I saw an interesting post the other day on the Power Query Technet forum which showed how the List.Buffer() function could be used to improve calculation performance. This is something I’d seen hinted at in other places so I thought it was worth a bit of investigation.
Consider the following query:
let //Connect to SQL Server Source = Sql.Database("localhost", "adventure works dw"), //Get first 2000 rows from FactInternetSales dbo_FactInternetSales = Table.FirstN( Source{[Schema="dbo",Item="FactInternetSales"]}[Data], 2000), //Remove unwanted columns RemoveColumns = Table.SelectColumns( dbo_FactInternetSales, {"SalesOrderLineNumber", "SalesOrderNumber","SalesAmount"}), //Get sorted list of values from SalesAmount column RankValues = List.Sort(RemoveColumns[SalesAmount], Order.Descending), //Calculate ranks AddRankColumn = Table.AddColumn(RemoveColumns , "Rank", each List.PositionOf(RankValues,[SalesAmount])+1) in AddRankColumn
It gets the first 2000 rows from the FactInternetSales table in the Adventure Works DW database, removes most of the columns, and adds a custom column that shows the rank of the current row based on its Sales Amount.
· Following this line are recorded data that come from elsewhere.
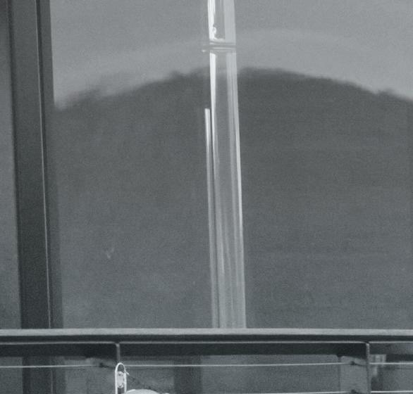 As you drive around it, the fountain gives the impression of a UFO having landed, thanks to its bowl shape, jet-fin pillars,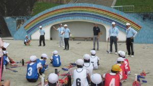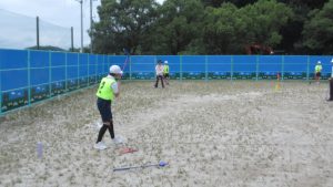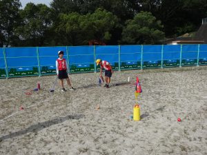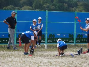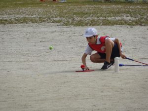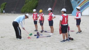 10月7日、5・6年生がスナッグゴルフ教室をしました。ゴルフの入門編として普及している、学校のグラウンドでも体験できるスナッグゴルフをしました。5ホールがグラウンドに作られて、スコアを競いました。講師の方が丁寧に教えてくださり、子どもたちは「先生」「先生」と呼んで、打ち方など聞きながら、うまく打てると「ナイス」と声があがり、失敗すると悔しがり、とても楽しく体験することができました。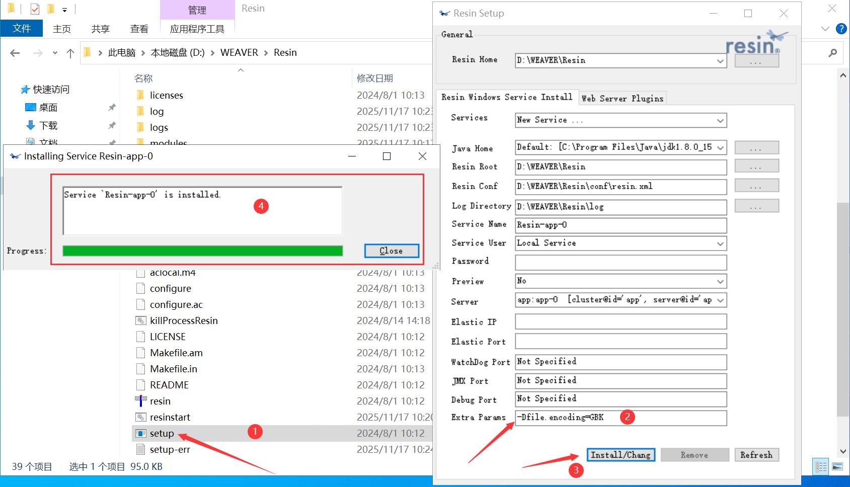 直接到“D:\WEAVER\Resin\”目录里右键管理员模式运行“setup.exe”即可,然后注意最下面的参数,一定要填写正确,然后点击“Install/Chang”即可安装服务,如下图所示;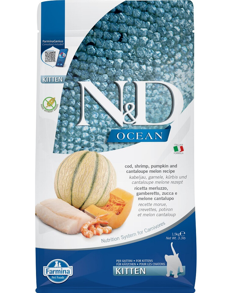 Granule pro koťata a březí a kojící kočky s treskou, krevetami, dýní a melounem.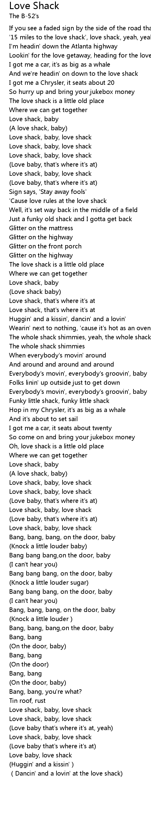 | [05:00.890] | Love shack, baby, love shack |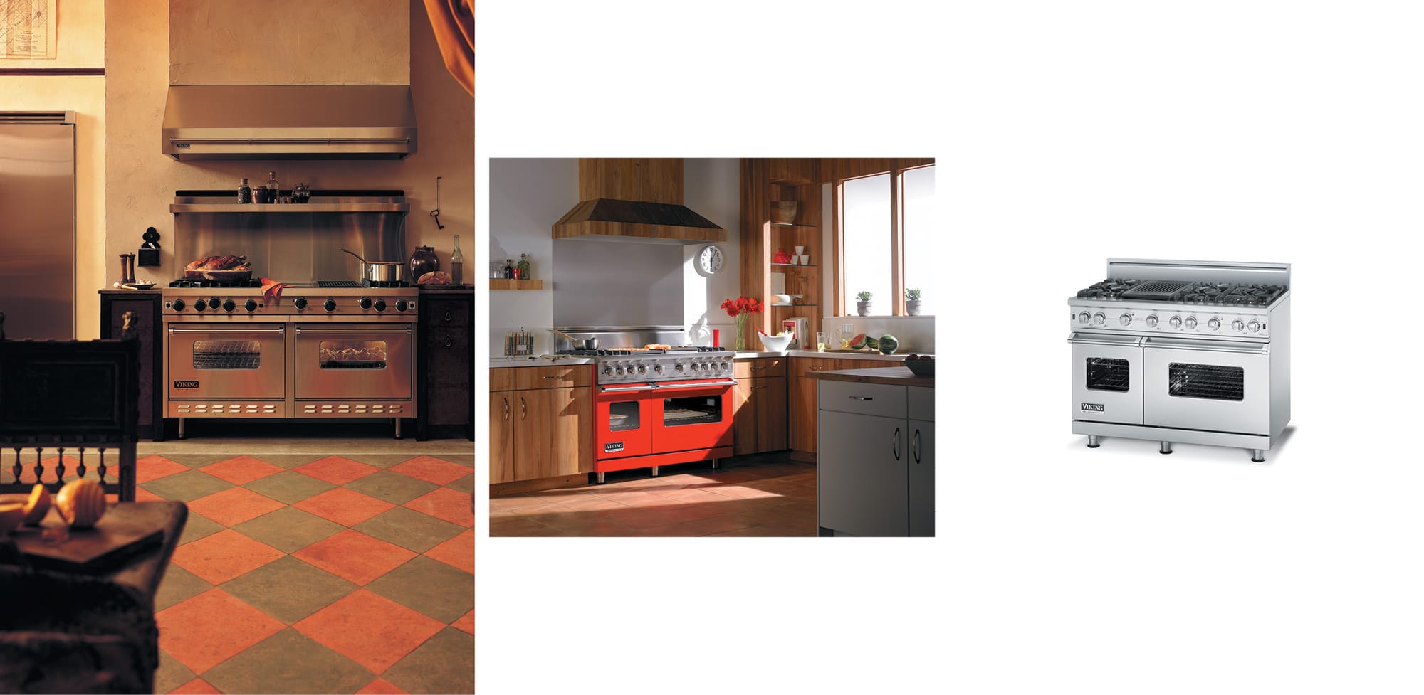 The Viking Range kitchen on the left is a full kitchen that spares no expense. The middle is a smaller vignette set that is still a cool design, but a little more practical. The right product image is only descriptive.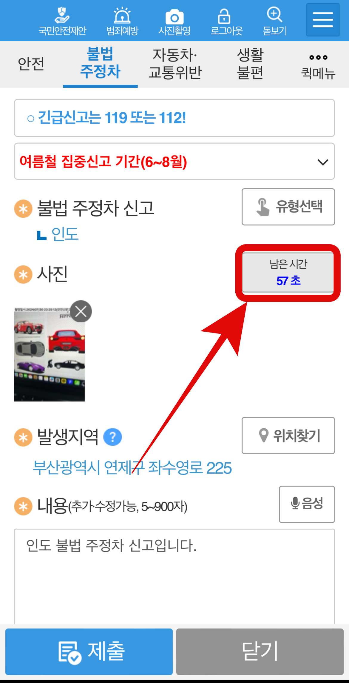주차 위반 유형을 선택했다면 불법주차 신고방법 두번째로 불법주차 차량을 촬영하는 것이다. 어플을 이용해서 촬영을 해야 한다는 점을 꼭 기억해 놓도록 하자. 촬영버튼을 눌러 차량의 사진을 찍어준다. 불법주차를 했다는 것(표지판, 보도)과 차량의 번호판이 보이도록 한 장을 촬영한다. 그러면 60초의 시간이 흐르는 것을 볼 수 있을 것이다. 60초가 지났을 때 다시 촬영 같은 방향으로 사진을 찍어준다.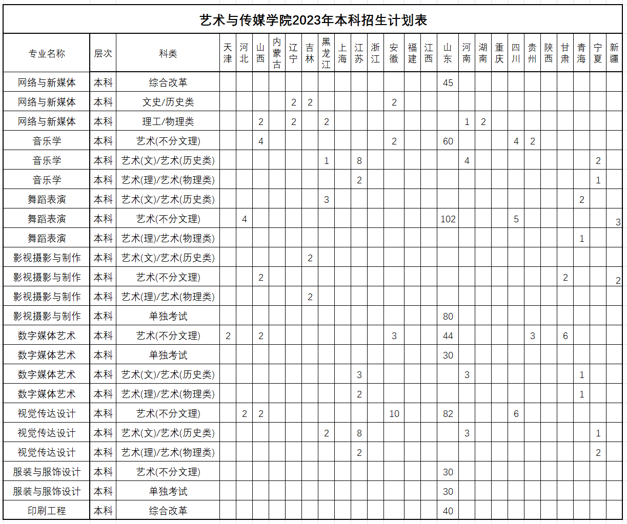 艺术与传媒学院现在有8个本科专业和3个专科专业,学生总数2139人。其中全日制本科在校生1833人,全日制专科在校生306人。艺术与传媒学院目前有8个本科专业,包括:舞蹈表演、服装与服饰设计、数字媒体艺术、影视摄影与制作、印刷工程、音乐学和视觉传达设计、网络与新媒体;3个专科专业包括:舞蹈表演、广告艺术设计、包装策划与设计。其中,印刷工程专业于2015年被评为“山东省优势特色专业”。

On my laptop it takes around 35 seconds to run this query – pretty slow, in my opinion, given the amount of data in this table.
However, using the List.Buffer() function in the RankValues step like so:
let //Connect to SQL Server Source = Sql.Database("localhost", "adventure works dw"), //Get first 2000 rows from FactInternetSales dbo_FactInternetSales = Table.FirstN( Source{[Schema="dbo",Item="FactInternetSales"]}[Data], 2000), //Remove unwanted columns RemoveColumns = Table.SelectColumns( dbo_FactInternetSales, {"SalesOrderLineNumber", "SalesOrderNumber","SalesAmount"}), //Get sorted list of values from SalesAmount column //And buffer them! RankValues = List.Buffer(List.Sort(RemoveColumns[SalesAmount], Order.Descending)), //Calculate ranks AddRankColumn = Table.AddColumn(RemoveColumns , "Rank", each List.PositionOf(RankValues,[SalesAmount])+1) in AddRankColumn
Makes the query run in just 2 seconds. The List.Buffer() function stores the sorted list of values used to calculate the rank in memory which means it will only be evaluated once; in the original query it seems as though this step and those before it are being evaluated multiple times. Curt Hagenlocher’s comment (on this thread) on what List.Buffer() does for a similar calculation is telling:
The reason for this is that M is both functional and lazy, so unless we buffer the output of List.Select, we’re really just building a query that needs to be evaluated over and over. This is similar to the Enumerable functions in LINQ, if you’re familiar with those.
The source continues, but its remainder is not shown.